Soms lijken mijn familieleden parallelle universa van mezelf, of waarschuwingsborden. Omdat ik wist hoe destructief bipolaire persoonlijkheidsstoornissen konden huishouden - grootmoeder sprong ooit uit het venster van een instelling met ware doodsverachting, ware het niet dat ze zich op het gelijkvloers bevond - heb ik, met behulp van medicatie, de grendel secuur dicht. Ik ken de tekenen van de hypomanie en de dysthymie. Omdat grootvader en een tante compulsieve hoarders waren, gooi ik vrij snel dingen die ik niet meer gebruik weg.
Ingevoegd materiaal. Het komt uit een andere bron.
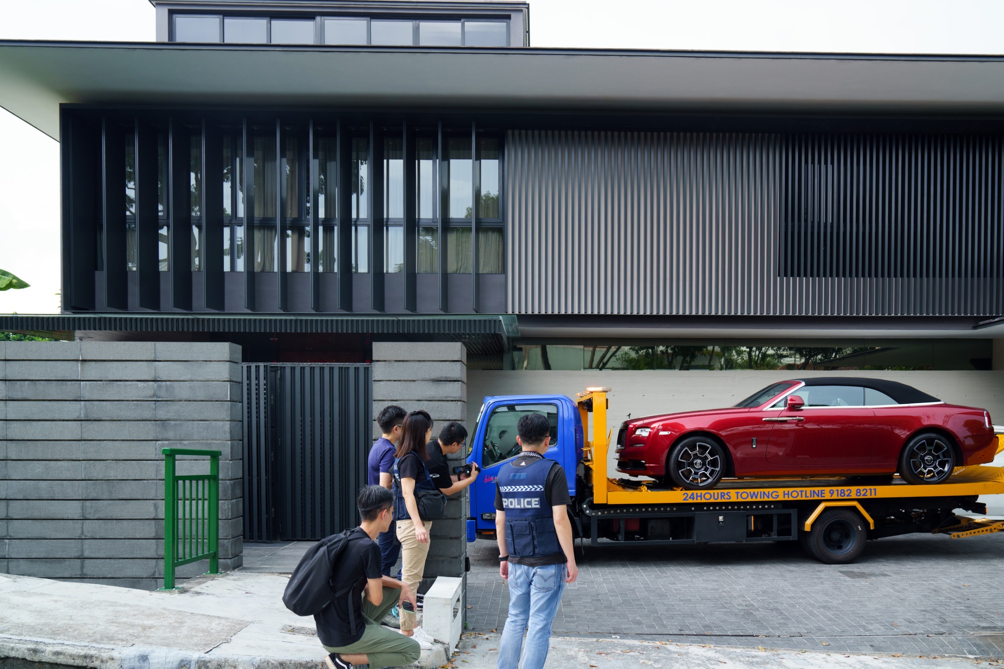 警方在新加坡一名涉嫌洗钱案的嫌疑人住所查获的一辆劳斯莱斯汽车。摄影师:Ore Huiying/Bloomberg打击行动甚至对当地经济产生影响。豪宅交易放缓。在私人圣淘沙高尔夫俱乐部,会员费已飙升至60多万美元,包括苏海津在内的该案的五名嫌疑人已被列入违约名单。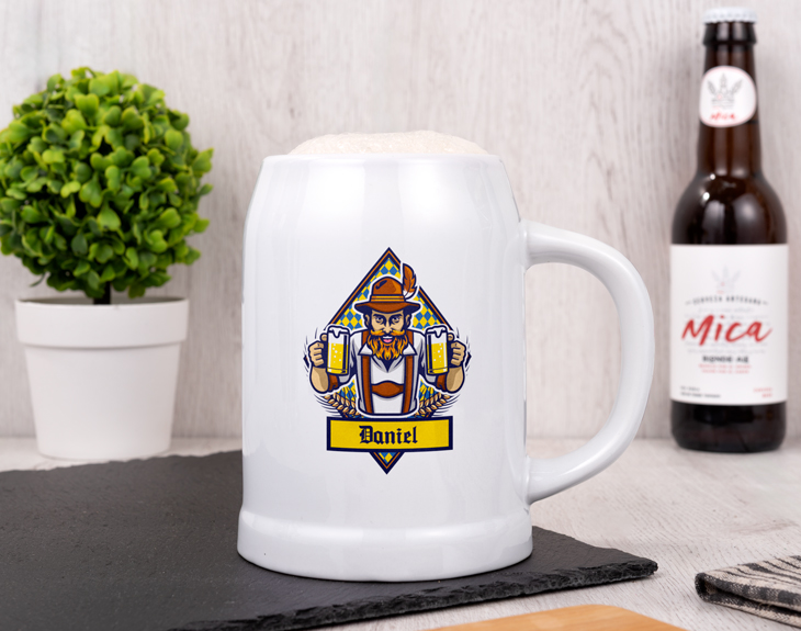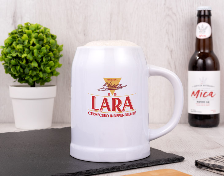 Su sutil sabor amargo, su color amarillo brillante y su abundante espuma, hacen de la sureña Cruzcampo una cerveza única e inconfundible. Hay quienes que no entienden una fiesta de amigos y amigas, una reunión familiar o un partido de fútbol sin esta cerveza sevillana. Si a ti también te encanta esta cerveza y no la cambiarías por ninguna otra, necesitas esta jarra de cerveza de cerámica personalizada con el propio logo de Cruzcampo, pero con un ligero cambio, que en vez de ‘Cruzcampo’ va a aparecer tu nombre. ¿No te parece una idea genial? Disfruta de tu cerveza preferida como realmente te mereces con una jarra de una capacidad de hasta medio litro.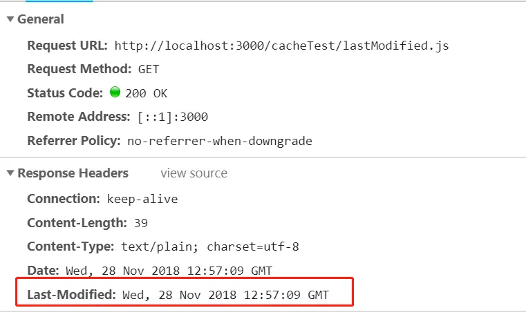 Last-Modified的一次请求时,服务器返回的响应头里面包含缓存标识Last-Modified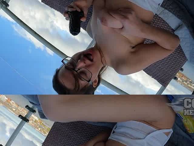 Gabriela Lati Afternoon Deep Dildoing Her Pussy And Finger In Her Ass Dp Sunny Outdoor Terrace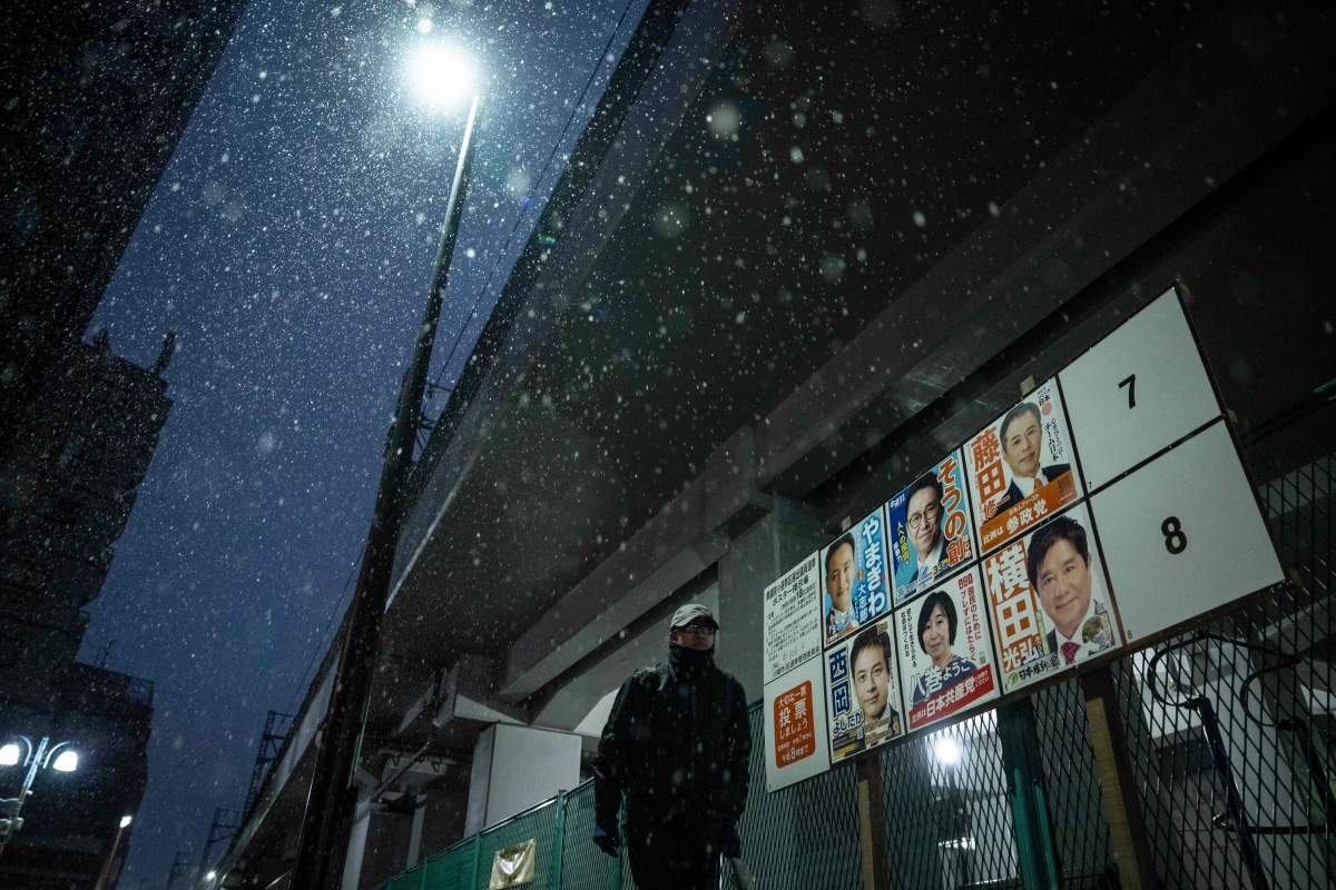 8일 가나가와현 가와사키에서 눈이 내리는 가운데 한 남성이 중의원 선거 후보들의 선거 포스터 옆을 지나가고 있다.

Ik herinner me nog al die mappen, papieren en brieven die stonden te vergelen in grootvaders doorrookte archiefkasten, en zijn garage die vol brol stond zodat zijn Lada (!) er niet meer in kon. Of één van de weinige grappige momenten, toen grootmoeder mij vertelde dat ze bedolven was geraakt onder de brol die mijn tante in elke kamer van het huis was beginnen volstouwen. Die tante is nog zo'n negatieve mijlpaal: een eeuwig meisje van 50 die op wandelsnelheid door Gent fietst in fluohesjes en plaasteren poppen maakt. Haar lieven heetten allemaal Frans en de laatste stierf in zijn slaap. Hij had een aansteker met een klapmes ingebouwd. Het begint langzaam duidelijk te worden waarom mensen me soms moeilijk kunnen geloven.

We zijn aan het einde van de rit. Enkel nog een paar jonge Turken en een dik meisje moeten er samen met mij af. Mijn grootvader, die hier een kilometer verderop onder de zoden ligt, wordt straks herenigd met zijn vrouw. Zij als as, hij als compost. Soms zeggen mensen dat hij zo veel at en zo laat opbleef om allerlei brieven en kruimige poëzie te schrijven als een manier om weg te vluchten voor de realiteit. Ik weet het niet. Zijn verbod op grote schoonmaken, waardoor hun toilet altijd extreem stonk naar urine en er een soort kleur is die ik in mijn hoofd urine-oranje noem, leek me eerder een schild dan een vlucht. Hij wist vast erg goed wat de lange-termijngevolgen waren van zijn gedrag. Net zoals ik. Hij was in zekere zin een idealist, net als ik, al was hij een geel-zwarte (met een replica van de IJzertoren op zijn overwoekerde vensterbank) en ik een groen-rode. Maar elke dag dat ik niet in een andere genetische drol trap die het geslacht Voloshin voor mij heeft voorbereid, is een overwinning. M'n moeder zei ooit, monter en opgelucht, dat ze blij was dat ik de 30 gehaald had, een wezenlijke prestatie voor mannen in haar tak van de familie. Een lugubere verwezenlijking, dat wel, maar soms moet je blij zijn met wat je hebt. Dus morgen ga ik de confrontatie aan met al die verwrongen evenknieën, die nonkels, tantes, gescleroseerde oudjes en wanstaltige Anderen, allemaal fruit van dezelfde boom. Het enige wat ik hoop is dat ik niet, zoals bij Lucebert, gekwetst in het dorre gras eindig. Mag dat?